Our collaboration with NVIDIA on optimizing storage SANs has spanned several years leading up to our integration of NVIDIA BlueField DPU technology into the PowerMax architecture — specifically, into the dynamic media enclosures (DMEs) developed for PowerMax. 

The new DMEs are not just another conventional drive enclosure. These are “smart,” fabric-attached units that each house up to 48 NVMe SSDs. The enclosures have dual LCCs (link controller cards) for high availability. Each LCC includes a BlueField DPU, a multicore system on a chip (SoC) from NVIDIA. The core of the PowerMax architecture is built around NVMe-over-Fabrics with NVIDIA Quantum InfiniBand as the transport layer. The BlueField DPUs are key to making this possible.

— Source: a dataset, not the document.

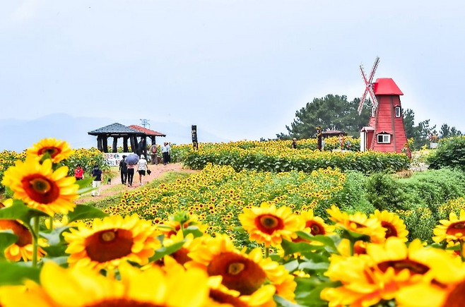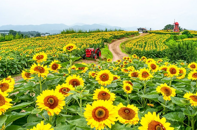 해바라기 꽃밭: 약 4만2,500㎡ 규모! 마을 전체가 노란 해바라기로 물드는 장관

The benefits of this architecture are huge. In this latest generation of PowerMax, the compute nodes and the dynamic media enclosures are all connected on the dynamic NVMe/InfiniBand fabric. This allows for the compute and media elements to scale independently. Have an application that is highly compute-intensive? Add more compute nodes. Need more capacity? Add more DMEs and NVMe flash drives. The PowerMax 8500 can scale out to 16 nodes and up to 8 DMEs, maxing out at over 18PB of effective capacity.

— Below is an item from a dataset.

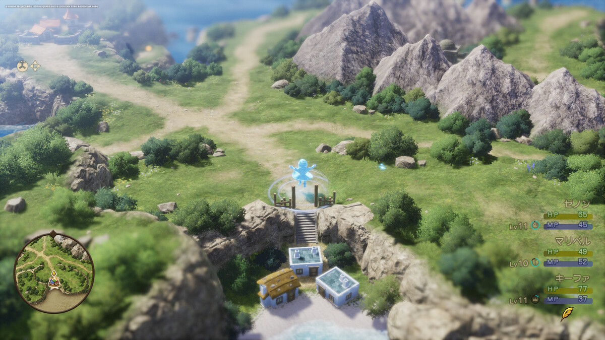 ちなみに本作、リメイクにあたって快適性を重視したためか、主人公が最初から「ルーラ」を習得しているほか、家の中や洞窟など屋根のある場所でもいつでもファストトラベルできるようになった。

Another benefit of this dynamic fabric architecture is the fact that any node on the fabric can access any data drive in the system, regardless of which DME it’s physically located in. Customers see this benefit directly in the performance they achieve with the array. I/O from any host connected to any node in the array can be routed to any drive, with low latency and high efficiency. This new, DPU-enhanced architecture streamlines this access. No extra “hops” are required through adjacent nodes to get to the data.

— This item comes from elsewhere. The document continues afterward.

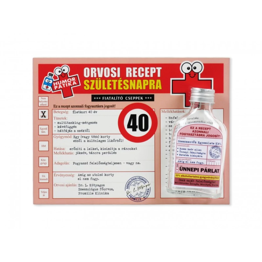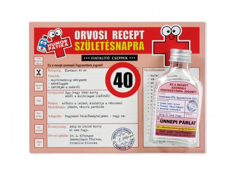 Vicces orvosi recept + flaska 40. Születésnapra 20x15cm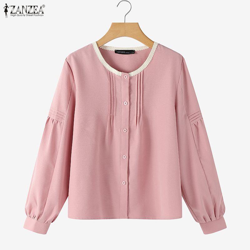 ZANZEA Women Casual Round Neck Solid Color Long Sleeve Blouse

Any-to-any access aids with system resiliency as well (some things have to work all of the time!) since access to any storage is not dependent on any specific node or data path. If, as could happen with any electronic device, there is a failure of some kind that causes a node to go off-line, no data is stranded and no extra overhead is inserted as other nodes pick up the slack. This kind of data availability is critical to the users of PowerMax.

The working relationship between Dell (and EMC prior to the acquisition) and NVIDIA has spanned multiple product generations and has yielded significant advantages to the PowerMax platform. Multiple NVIDIA components are used in the system, in addition to the BlueField DPUs in the DMEs. The ConnectX smart adapter technology is used on the initiator side of the InfiniBand fabric as well, and NVIDIA switches are used in the larger 8500 system. The BlueField DPUs run custom code developed in-house at Dell, allowing direct access to all of the features on the chip.

PowerMax has leveraged T10-DIF technology to enhance data integrity for multiple generations. The NVIDIA components provide hardware offload for this functionality, allowing for maximum performance with the protection that T10-DIF offers. Any workload that can be offloaded from the main compute module CPUs helps with overall array performance. The Arm cores in the BlueField DPUs are utilized for low-level drive management, background scans, hot plug management, and other functions. The entire system is optimized for performance.

The BlueField DPUs also support secure boot, further enhancing the security of the PowerMax platform using built-in hardware acceleration. PowerMax is designed for Zero Trust security architectures, with end-to-end security features in place to safeguard customer data. It’s another critical aspect of being the leader in mission-critical storage.

“PowerMax is the cornerstone of the data center. The PowerMax 2500/8500 cyber resiliency capabilities and intrinsic value of data safety give us peace of mind for trusting enterprise applications on PowerMax.” – John Lochausen, Technology Architect, World Wide Technology

The dynamic InfiniBand fabric, enabled by the BlueField DPU and other NVIDIA technology, like NVMe-oF Target Offload, is key to the advantages of the PowerMax architecture over conventional storage arrays. When combined with the other features of the architecture, such as a 7x increase in capacity per node, a 14x increase in capacity per rack unit, an increase in guaranteed data reduction to 4:1, and a 64-bit file storage capability, you can see why PowerMax is the leader in mission-critical enterprise storage.